PWS sufferers have low muscle tone and, conversely, more body fat. Growth hormones may be a valid way of alleviating that problem, which in turn will give them a slightly higher resting metabolic rate so that they may burn slightly more calories, in an effort to stay healthier. Growth hormone therapy is great for those with PWS though they are largely inactive and lead a sedentary lifestyle, the growth hormone will allow them to have less body fat and more muscle mass. As noted earlier in my paper, those suffering from PWS have altered function in their hypothalamus, which is also where growth hormone is secreted. Aycan and Bas (2014) state that treatment with growth hormones should be strongly considered for those with PWS.

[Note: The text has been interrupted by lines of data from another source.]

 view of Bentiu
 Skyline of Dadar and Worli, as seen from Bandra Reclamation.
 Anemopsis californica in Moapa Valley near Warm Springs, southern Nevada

PWS sufferers are also quick to anger, which can be correlated with their sub-average IQ. They may, for instance, become irate at the fact that they do not have constant access to food, and may turn to emotional, angry and infantile outbursts in an attempt to receive what they want. This is one way that it’s tricky to treat those with the disease. How do you tell an individual with PWS who wants something “No”? Measures should be taken to show those with the disease what they are doing to their bodies in the simplest way possible as to better get the point across to them. We can help those sufferers of PWS who are quick to anger with by allowing them to discern between right and wrong ways to handle times when they don’t get what they want with positive reinforcement.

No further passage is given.